- Entries taken from a collection:

————

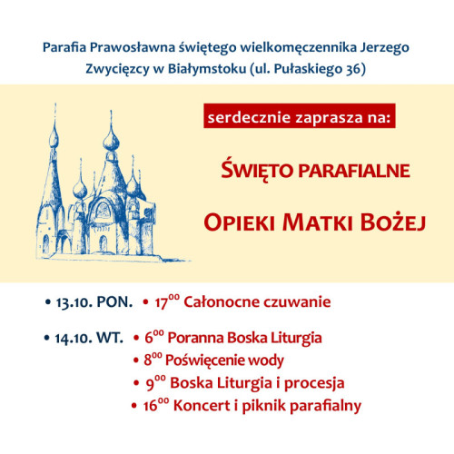 Serdecznie zapraszamy na Święto parafialne - Opieki Matki Bożej!
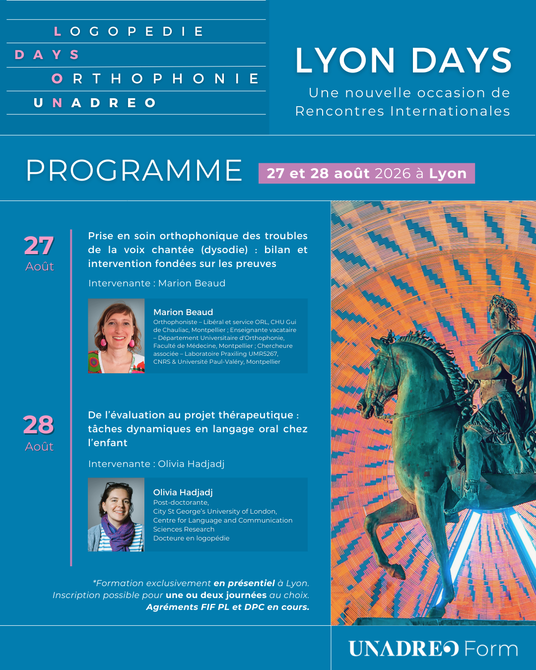 L’UNADREO Form organise les 27 et 28 aout 2026 les LYON DAYS, une nouvelle occasion de Rencontres Internationales à LYON, qui se veut un lieu d’échanges et de réflexion sur la pratique clinique, alimenté par les données récentes de la recherche.
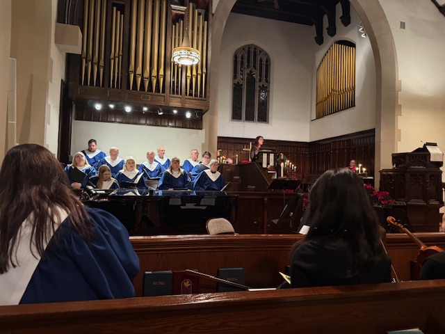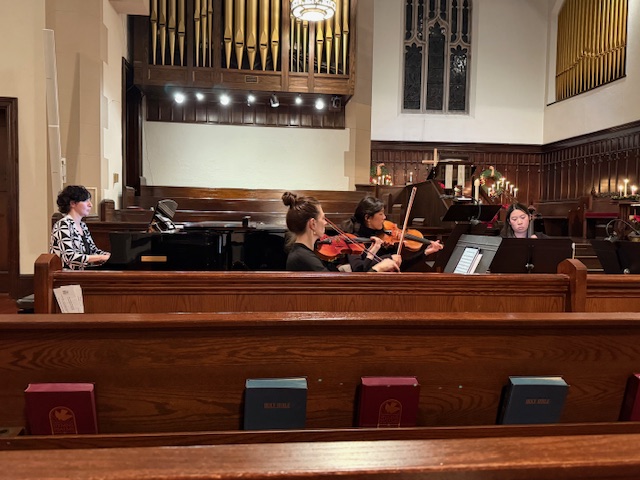 The shorter early service was designed to be especially family friendly, and the later service featured string players Jess Amidon, violin; Chloe Wang, violin; and Katie Chuang, cello; along with organist Yevgenia Semeina; soloists Eamon Arthur, Amanda Ketchpaw Palés, Ted Palés, and Jan Zimmerman; and the church choir. The later service also included candle lighting.
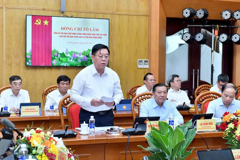 Chiều 11/6, tại Hà Nội, Tổng Bí thư Tô Lâm chủ trì làm việc với Ban Tuyên giáo và Dân vận Trung ương về tình hình thực hiện nhiệm vụ sau khi hợp nhất Ban Tuyên giáo Trung ương và Ban Dân vận Trung ương đến nay.
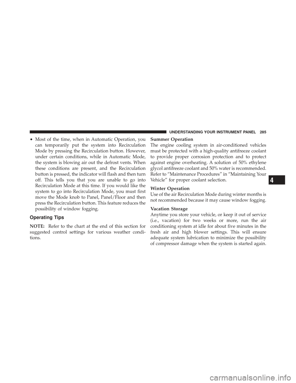 UNDERSTANDING YOUR INSTRUMENT PANEL 285
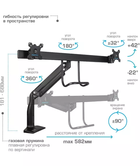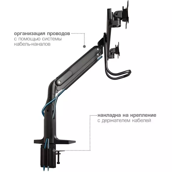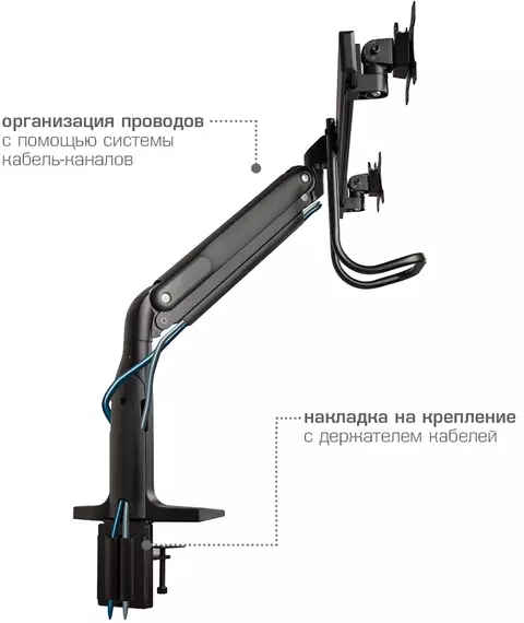 | Особенности | Надежная стальная конструкция, Многофункциональный – мониторы на кронштейне можно поворачивать вокруг совей оси на 360°, наклонять вверх и вниз, придвигать или удалять от себя, Регулируемое положение по высоте, максимальная высота 688 мм, Кабель-каналы для укладки соединительных кабелей |
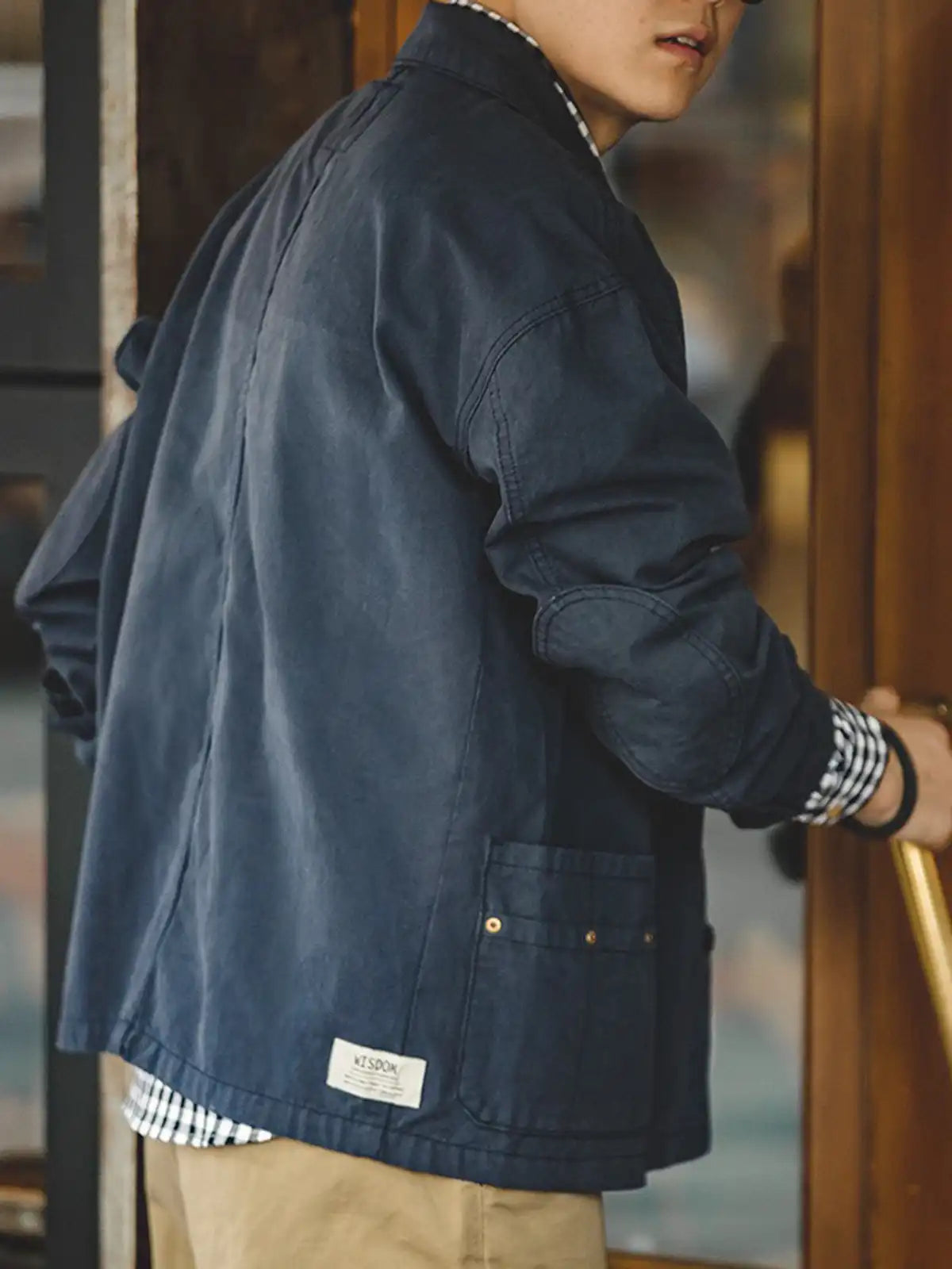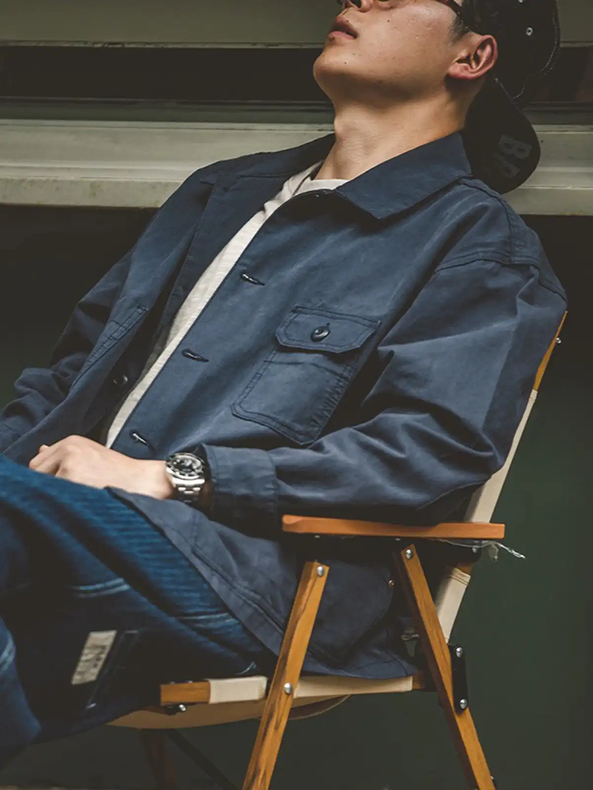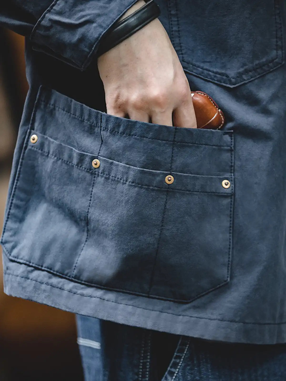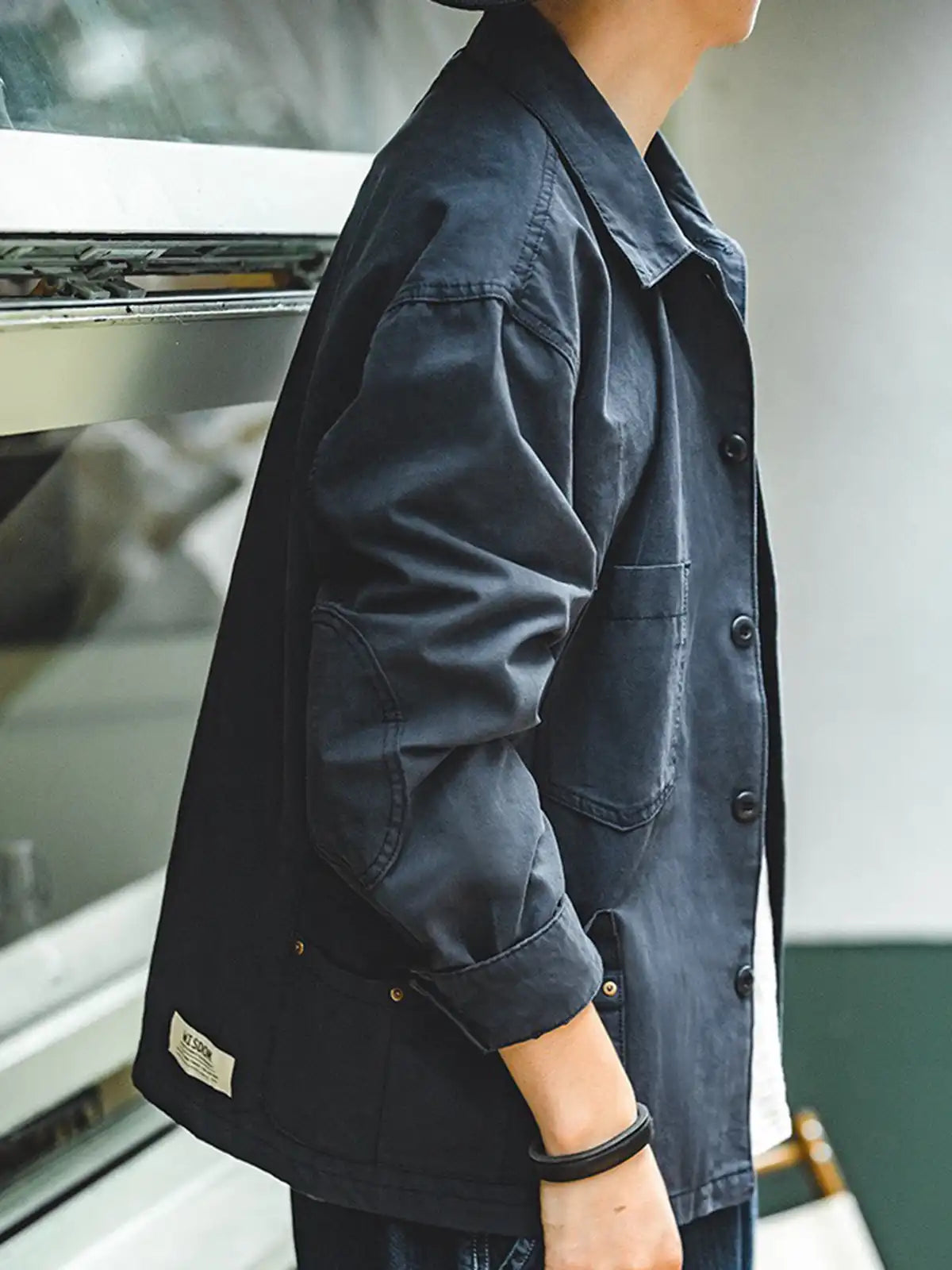 フランスのワークジャケットのエッセンスを取り入れ、前面には左右非対称に施された4つのポケットを配したユニークなデザインが特徴です。シルエットはアメリカンワークの無骨さとは異なり、細部の縫製やカッティングにこだわり、品よく仕上げています。カラーは深みのあるネイビーで、一見落ち着いた印象ですが、コーディネート次第で多彩なスタイルを演出可能。生地には約290g/m²のヘビーウェイトなコットンヘリンボーンを採用し、最初はハリ感のあるシルエットをキープしつつ、着用と洗濯を重ねるうちにやわらかく馴染む変化を楽しめます。
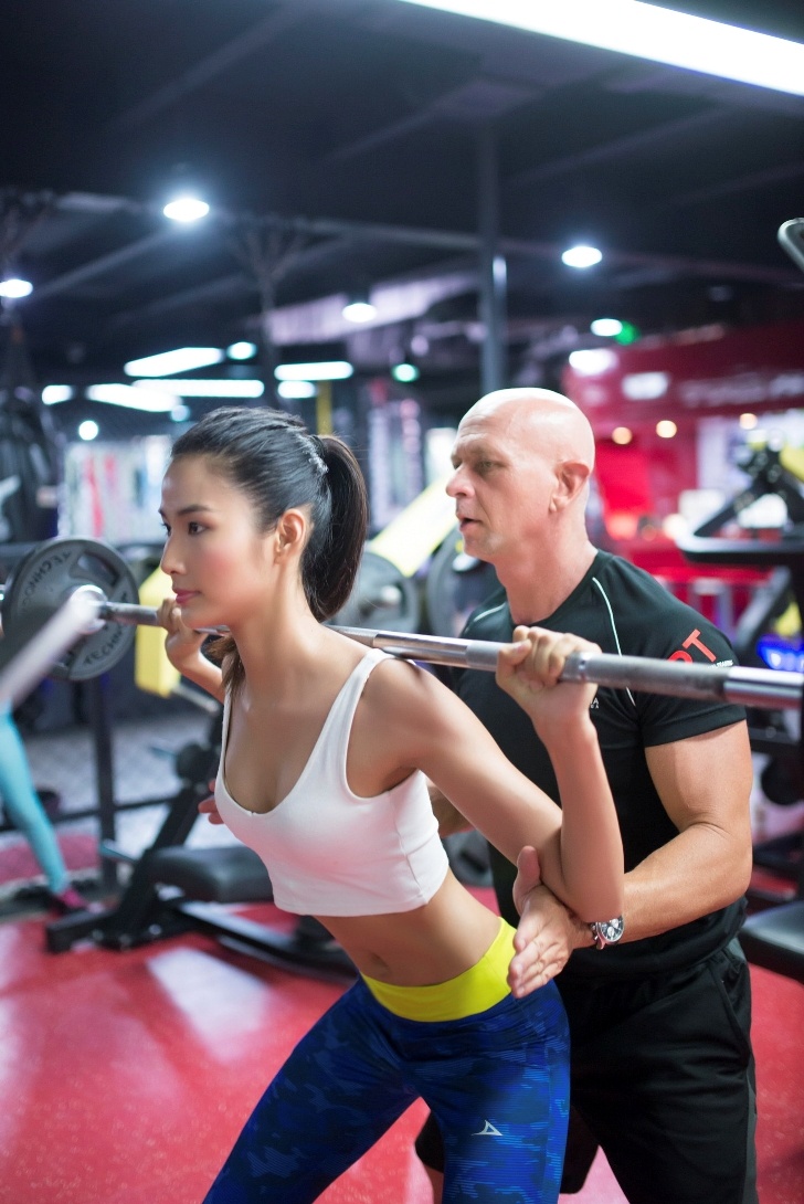 Chính vì điều đó, Hoàng Thuỳ thường xuyên đến phòng tập để nhanh chóng sở hữu cơ thể và số đo đạt chuẩn quốc tế.
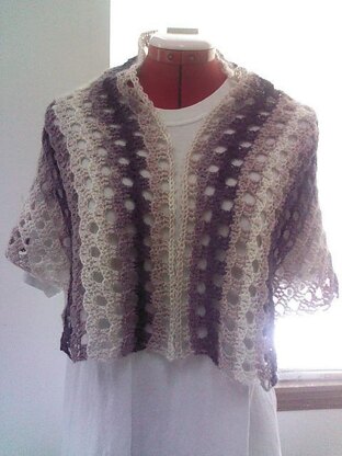 It is a top-down, asymmetrical, one-piece shawl. You can customise into a bigger size either by using a bigger hook or doing more repeats. This pattern will work with any kind of yarn and colours. Gauge is not important.
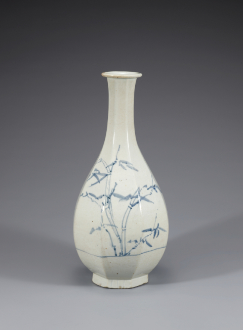 고 이건희 회장이 기증해 국보로 지정된 ‘백자 청화 대나무무늬 각병’. 부산박물관 제공
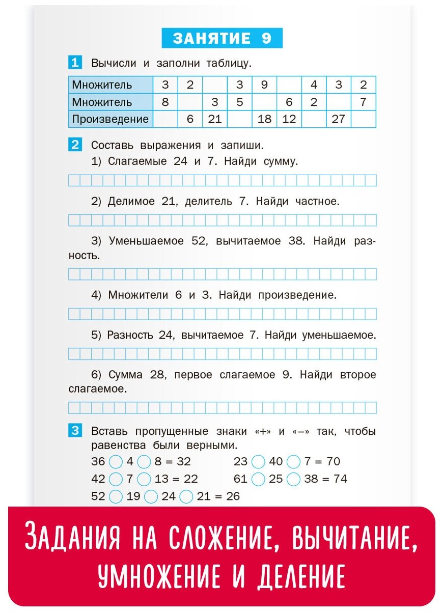 Летние задания по математике за курс 2 класса: рабочая тетрадь

————

- Brief: Precisely the lines from the one containing "고 이건희 회장이 기증해" to the end of the data above, both included, should be printed; leave the pictures out.

- Answer box:
 고 이건희 회장이 기증해 국보로 지정된 ‘백자 청화 대나무무늬 각병’. 부산박물관 제공
 Летние задания по математике за курс 2 класса: рабочая тетрадь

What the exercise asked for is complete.